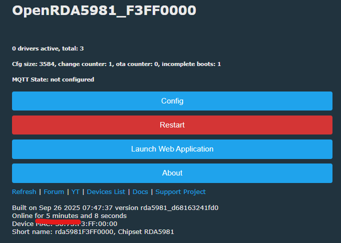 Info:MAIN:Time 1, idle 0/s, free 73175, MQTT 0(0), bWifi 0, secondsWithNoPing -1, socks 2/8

━━━━━━

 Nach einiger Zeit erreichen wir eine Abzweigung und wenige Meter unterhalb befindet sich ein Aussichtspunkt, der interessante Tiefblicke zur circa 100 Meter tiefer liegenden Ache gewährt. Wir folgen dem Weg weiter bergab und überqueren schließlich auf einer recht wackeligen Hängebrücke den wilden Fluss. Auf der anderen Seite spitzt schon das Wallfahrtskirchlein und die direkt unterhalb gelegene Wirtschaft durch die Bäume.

━━━━━━

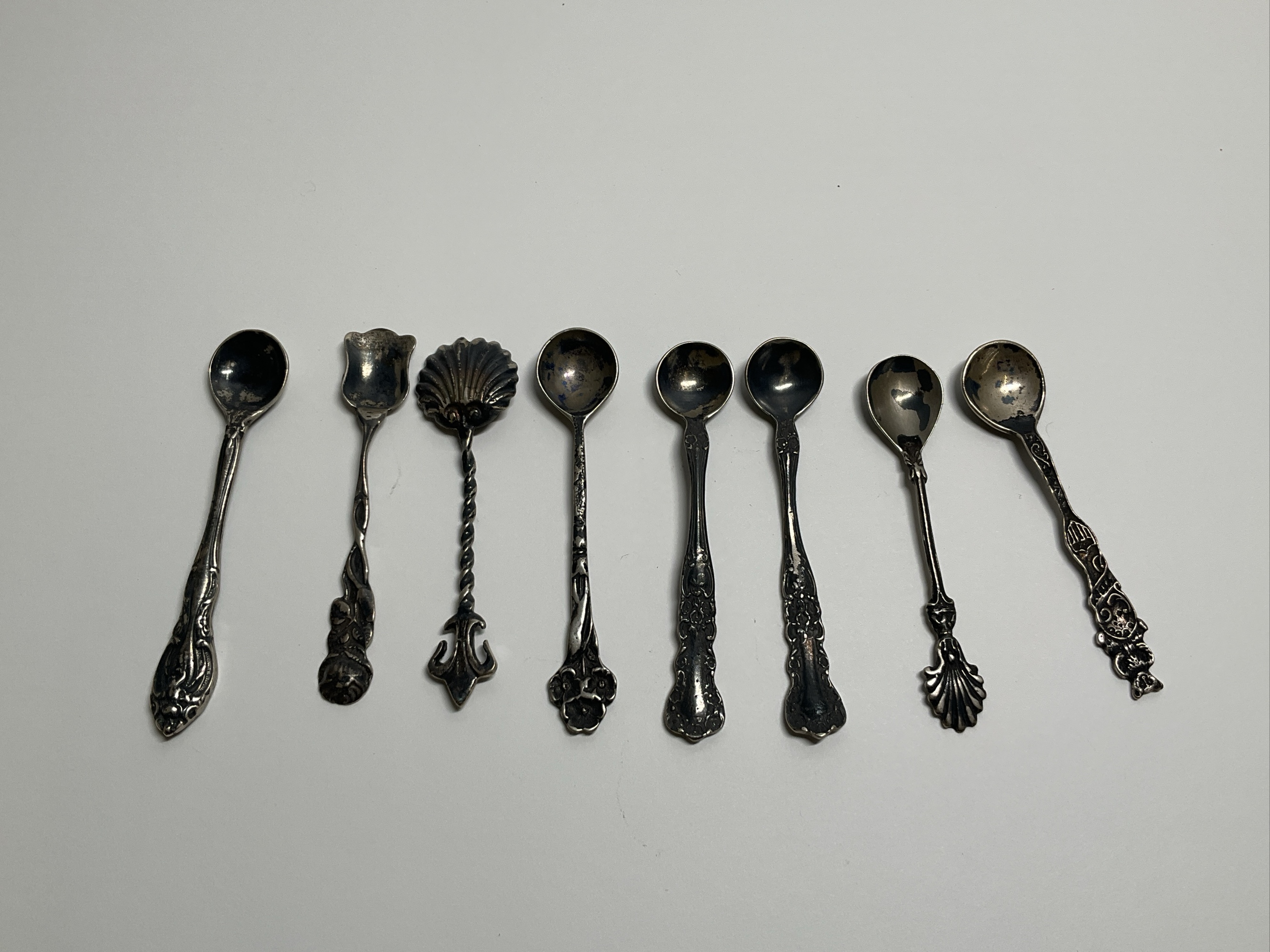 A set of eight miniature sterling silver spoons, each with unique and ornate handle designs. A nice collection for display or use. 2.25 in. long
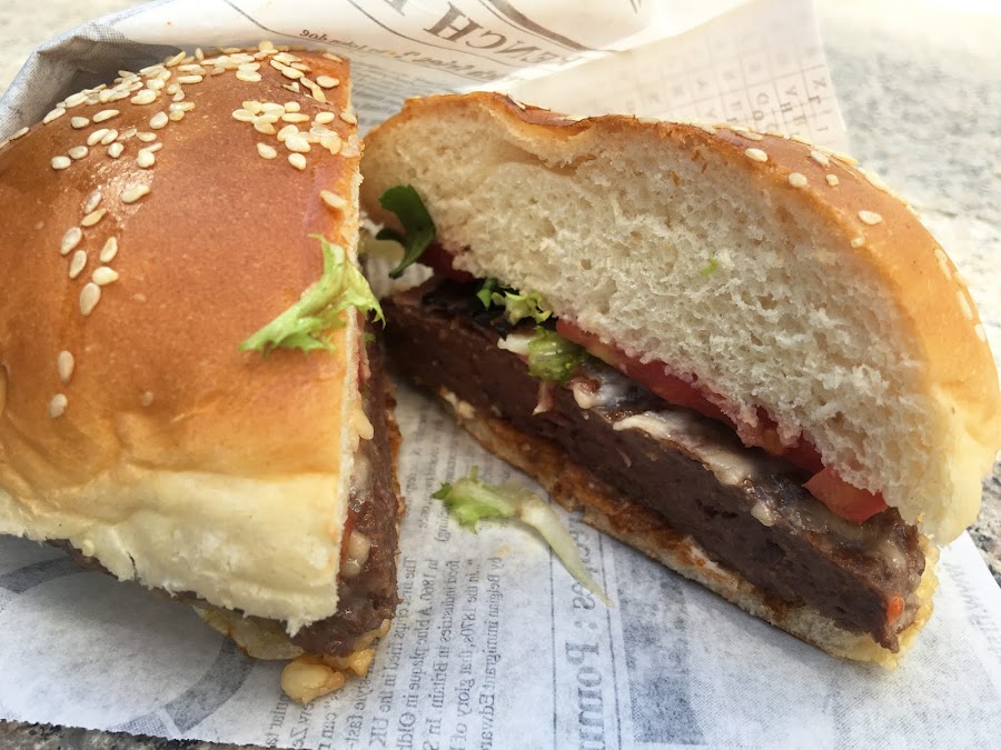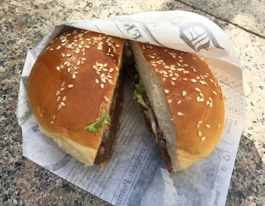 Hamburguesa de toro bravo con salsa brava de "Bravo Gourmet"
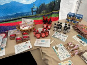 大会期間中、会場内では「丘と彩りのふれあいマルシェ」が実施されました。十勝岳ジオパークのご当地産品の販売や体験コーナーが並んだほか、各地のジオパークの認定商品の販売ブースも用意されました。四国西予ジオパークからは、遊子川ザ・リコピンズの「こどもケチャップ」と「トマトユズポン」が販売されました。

━━━━━━

Look above for the line containing "Hamburguesa de toro", then write out every line from there down to the line containing "大会期間中、会場内では「丘と", that line included, with no pictures.

*Answer to this problem*.
 Hamburguesa de toro bravo con salsa brava de "Bravo Gourmet"
 大会期間中、会場内では「丘と彩りのふれあいマルシェ」が実施されました。十勝岳ジオパークのご当地産品の販売や体験コーナーが並んだほか、各地のジオパークの認定商品の販売ブースも用意されました。四国西予ジオパークからは、遊子川ザ・リコピンズの「こどもケチャップ」と「トマトユズポン」が販売されました。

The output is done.